Sábado, descendência italiana e nunca fui à Suíça
nem visitei a Flip. Tampouco tive um tórrido affair c’uma mulher deslumbrante. Pelo
que agradeço aos céus, caso contrário meu coraçãozinho de frango teria ficado incicatrizavelmente
dilacerado pelos unhões da jaguatirica. Convicções tive poucas e as poucas que
tive acabei perdendo. De uns meses para cá certas partes do meu corpo cederam à
flacidez e às vezes levo um susto quando me flagro diante do espelho, sabem
como é, a primeira impressão, a da infância, é a que fica e primeiras impressões
muito dificilmente sucumbem a uma segunda. Ontem, sexta, uma depressão voraz,
pensei que não fosse resistir, me mortifica tentando imaginar o que farei quando a famigerada me carregar para o
próximo estágio. Hoje a depressão deu lugar a este meu inefável tédio velho de
guerra. Parecem ser irmãos siameses, duas faces da mesma bidu, o início da dor,
a passagem insentida, o fim do nada. Dou o melhor de mim quando me sinto num
dos meus infinitos becos sem saída e nunca me ocorreu apelar à boutade “se é beco sem saída, então a saída não se
mostra”. (Não se mostra sob as pistas de sempre que me habituei a rastrear.)

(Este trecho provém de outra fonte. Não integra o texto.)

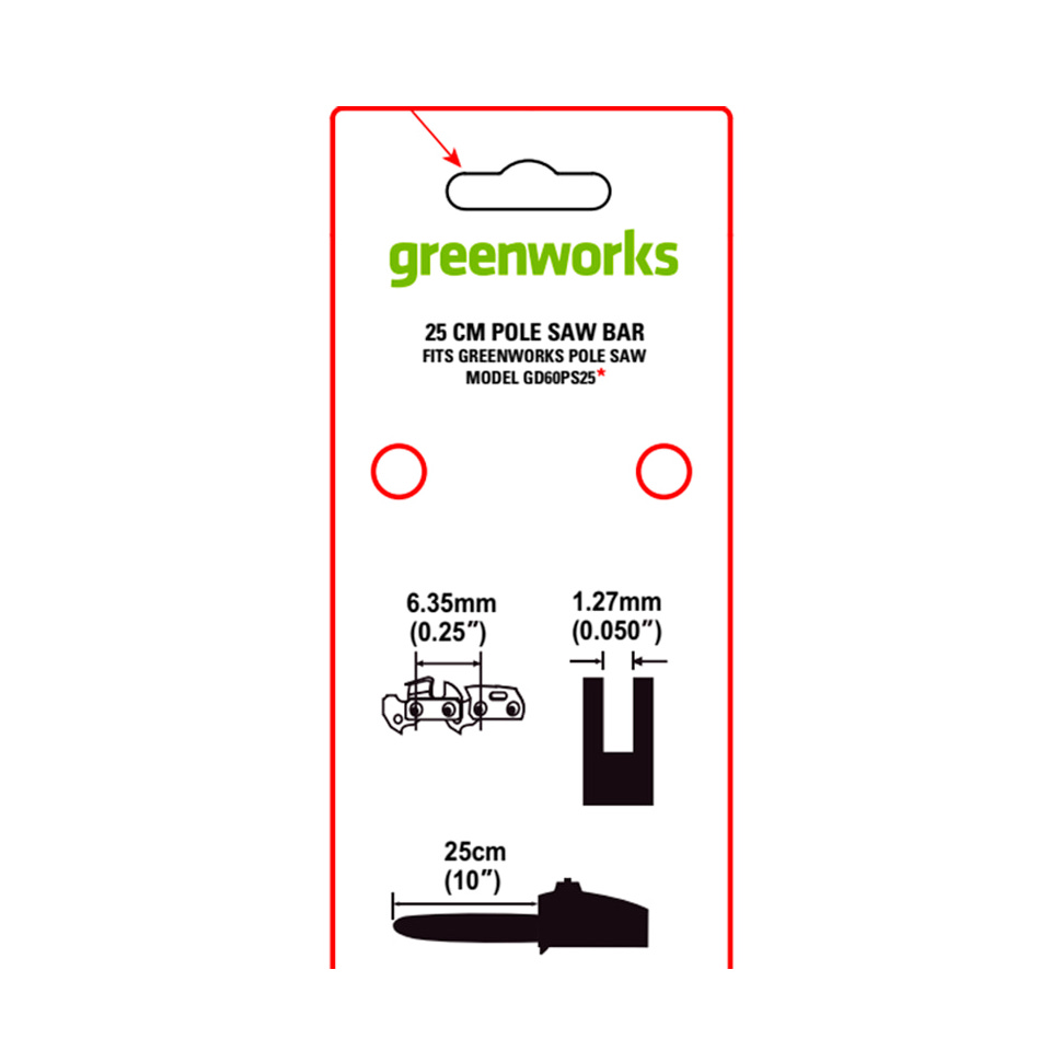 Характеристики Шина 10"/25см Greenworks (2949407) (для 60В высотореза 1402107)

Atravessava a rua sonambulamente, me recostava à parede diante do ponto e dava
prosseguimento aos meus deleites oníricos tão brutalmente interrompidos por mamãe
ou papai. De olhos abertos. O resultado é que um mundo de ônibus passavam sem
que eu me desse conta, entretido que estava nos braços de Silvinha cachos
dourados de caracol a me jurar com sua voz firme de menina-mulher que podia
ficar tranquilo, meu lugar no mundo ao seu lado estava assegurado e melhor
faria se me despedisse de vez daquele meu maldito ciclo de depressão excruciante
seguida de vazio entediante crucificante. Despertava do transe com Silvinha
depois do enésimo busão que ligava a Vila Gerty ao Centro e, se não fosse
circular – se fosse, ia dar um rolê pelos lados da Vila Maria e Vila Barcelona –,
ainda daria tempo de pegar a saída das aulas e, disfarçadamente, seguir
Silvinha até sua casa na Rua Pernambuco sonhando, agora dolorosamente acordado,
que um dia reuniria coragem para chegar junto durante o trajeto de seis quiméricos
quarteirões. Ao fim dos quais adviria aquele meu estado em que me recusava a
pensar. Sentava no último banco do Vila-Gerty e retomava minhas aventuras com Silvinha,
agora já avançando para suas axilas perfumadas a jasmim-manga. Não raro tornava
à casa já noitinha e se mamãe um dia se dignasse a indagar onde eu tinha
andado, não saberia honestamente responder. Tomava banho, jantava a inigualável
sopa de feijão e couve que hoje me é sinônimo de infância, assistia National
Kid deitado no colo de papai no sofá da sala, deitava para logo me embalar nuns
sonhos esquisitos de enredos temerariamente prováveis com meia dúzia de
motoristas de ônibus, alguns dos quais meus camaradas de outros anos.